Redundant clock switching

I'd like to implement a clock distribution system with a clock source (24MHz) switchover in the case of failure. Not exactly a trivial problem, especially when a smooth transition between the clocks is required. Best to be delagated to a ready-made chip, which... barely exists. The only two chips I was able to find are the ICS581-2 (perfect match for my needs) and ICS580 (3 cycle stall, don't know yet if it's a problem or not). The first one turns out to be unobtainium and Mouser labels it as obsolete. So what is the modern way of doing this? I don't think I have a sudden attack of dysgooglia, there seems not to be much about the issue.

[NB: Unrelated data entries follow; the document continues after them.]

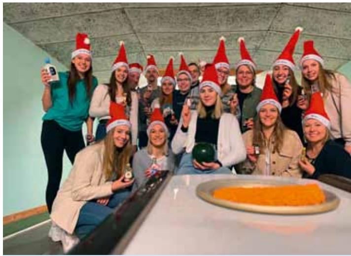
Ein Punkt gewonnen oder einen verloren? Unsere 1. Damenmannschaft gehört auf jeden Fall zur Spitzengruppe der Landesliga und freut sich auf die Weihnachtspause.

Nach dem letzten 33:24-Heimsieg gegen VFL Horneburg reisten wir im Dezember für unser letztes Spiel zum Tabellennachbar, dem Elsflether TB. Bislang waren wir punktgleich - es war also ein Kampf um den zweiten Tabellenplatz. Es würde also nicht einfach werden und einen klaren Favoriten gab es für dieses Spiel nicht.. Die Begegnung! startete recht ausgeglichen, wie auch nicht anders erwartet. In der Abwehr hatten wir noch kleine Probleme und vorne Wurfpech. Bis kurz vor der Halbzeit wechselte der Spielstand immer vom Unentschieden hin zu einem ein- bis zwei-Torevorsprung für uns. Erst kurz vor der Halbzeitpause gelang es uns, mit 14:17 einen Drei-Tore-Vorsprung heraus zu holen.. Wir spielten bis dahin eigentlich eine ganz gute Partie und wollten die Führung nicht mehr aus der Hand geben. So starteten wir auch mit dem
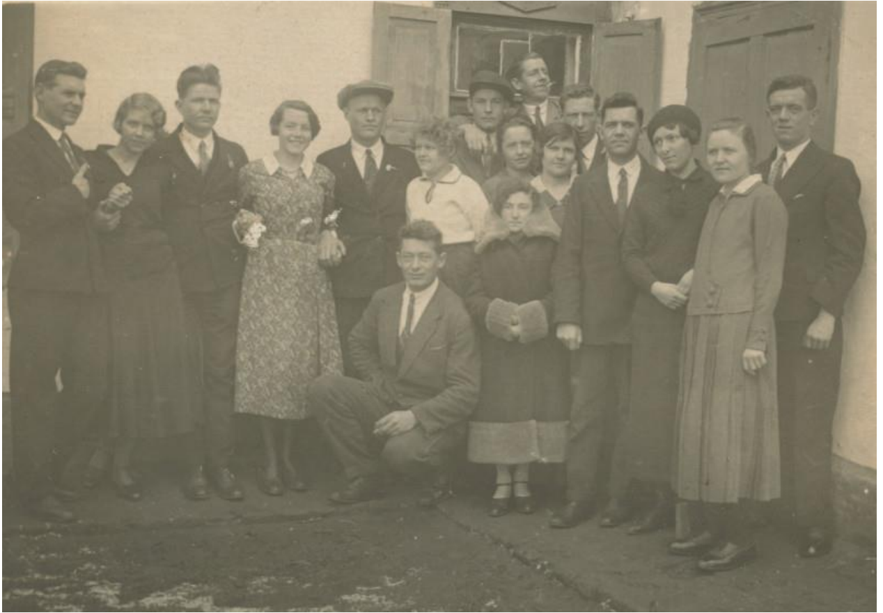
Из семейного альбома: нарядная молодежь.

Рассказ Elisabeth Peters. «Общение. Средства связи имели большое значение в то время, когда в довольно большом населенном пункте не было ни телефонной связи, ни доставки почты. Но новости и информация распространялись удивительно быстро. Официальные объявления, например, о деревенском собрании (Schuldebott), писались на листке бумаги (Zadill) в офисе мэра (Schult) и рассылались в каждую из четырех частей деревни. Дети, которые обычно несли Zadill соседям, были тщательно обучены доставлять их немедленно, и их проверяли после возвращения от соседей. К любому Zadill относились с уважением. Степень срочности передавалась одним словом: Foats (прямо сейчас). Если объявление было анонсом к очередному собранию, оно гласило: "Тоо Schulten onn wida aunsajen" (На деревенское собрание, и передай объявление). Если собрание было срочным, то оно гласило: "Foats to Schulten onn wieda
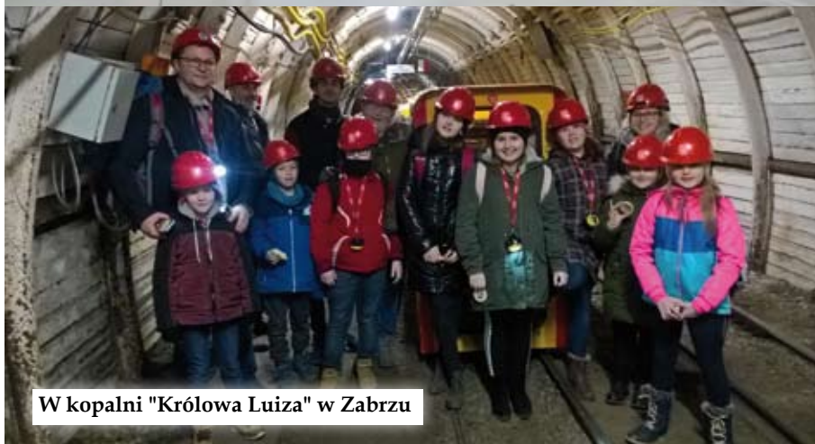
W kopalni "Królowa Luiza" w Zabrzu
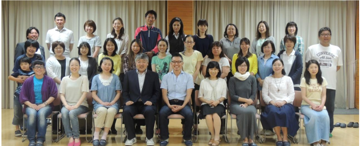
第1回PTA理事会 ～まずは、私たちから笑顔でスタート！～

5月28日(木)、午後7時から開催しました。どうしても御都合が悪く欠席の方もいらっしゃいましたが、ほぼ全員の方が出席してくださいました。ありがとうございます。年4回の理事会が行われますが、和気あいの雰囲気、楽しんでやっていきましょう。
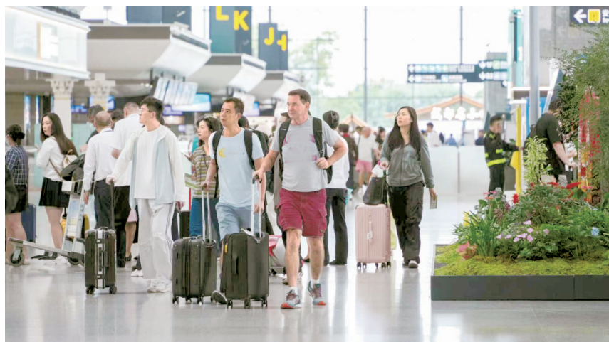
成都稳居入境游热门目的地TOP10。成都天府国际机场资料图

客源地的版图同样在扩展。越南、韩国、新加坡、美国、马来西亚、乌兹别克斯坦、加拿大、印度尼西亚、哈萨克斯坦稳居前列;而从增幅看,瑞典和芬兰游客的机票预订量同比增长均超过4倍,波兰、越南、丹麦超过2倍,瑞士、埃
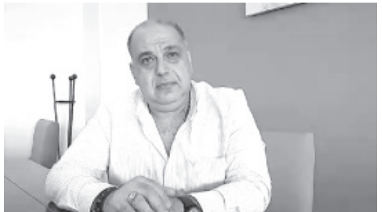
Podemos decir que hay mucho por hacer, pero nos estamos reorganizando, y vamos a terminar con ese distanciamiento que había con empresarios y comerciantes.

“Muchos me conocen y saben que soy una persona que trabaja, me gusta innovar, construir y estamos en el mejor de los ánimos”, indicó.
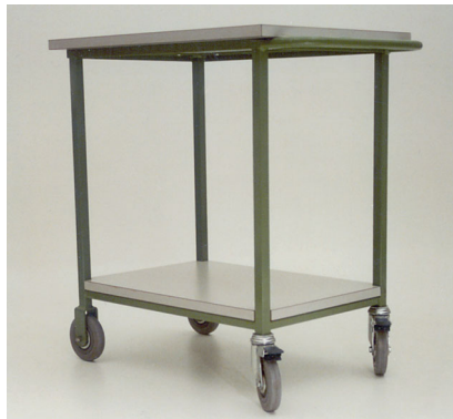
Tischblatt und Tablar mit allseitigem Kunststoffbelag Plateau supérieur et tablar contrecolés avec panneaux synthétiques de tous côtés
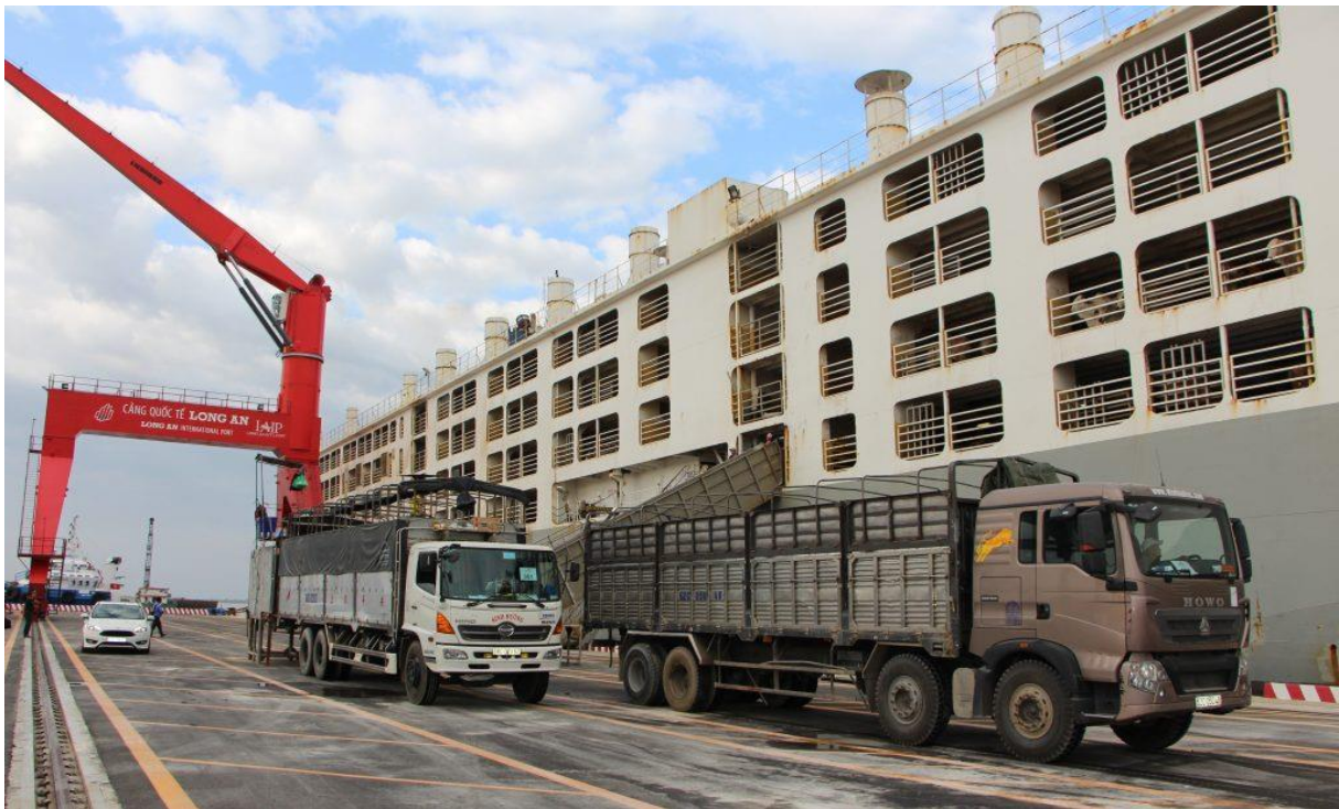
Slika 21. M/V Ocean Drover u Long An Internationalu

Sam iskrcaj poput ukrcaja počinje postavljanjem rampa i putova kojima će se životinje kretati. Kao što je već naglašeno prilikom ove operacije stockmani raspodjeljuju brodsku posadu, te vodu sam iskrcaj u suradnji s prvim časnikom palube. Na slici 21. je Ocean Drover kao prvi brod u iskrcajnom odredištu, novoizgrađenom terminalu Long An International u Vijetnamu dok se priprema za iskrcaj.

On a similar note: what oscillators should be used? Two exact copies of the same part, or a combo of a crystal oscillator and a MEMS? Is there any wisdom handed down over the ages about the long-term reliability of MEMS oscillators?

Best regards, Piotr

Reply to
Piotr Wyderski
Loading thread data ...

Maybe I'm missing something here. But the use of an oscillator as the missing chip seems the obvious option. Your 2 other oscillators phase lock it, but if their input ceases to exist it oscillates on its own, preserving output.

NT

Reply to
tabbypurr

The secondary stage can die and then you are left without the signal, despite the first oscillator still working correctly.

Doing this properly is a tricky stuff, so I wanted to pay somebody else for doing it for me. But it turns out there are 2 chips that can do that (meaning, they have built-in loss of signal detectors), one of which is not available even as a sample. What's going on?

Best regards, Piotr

Reply to
Piotr Wyderski

A few more words about what sort of failure you're guarding against would be useful. With all the possible failure modes of a complex system, why pick on the poor oscillators?

Failure of an external clock, that I get. But kitty's approach seems like it would cover that one.

Cheers

Phil Hobbs

--
Dr Philip C D Hobbs 
Principal Consultant 
 Click to see the full signature
Reply to
Phil Hobbs

Even the Apollo guidance computer didn't have a redundant clock source AFAIK...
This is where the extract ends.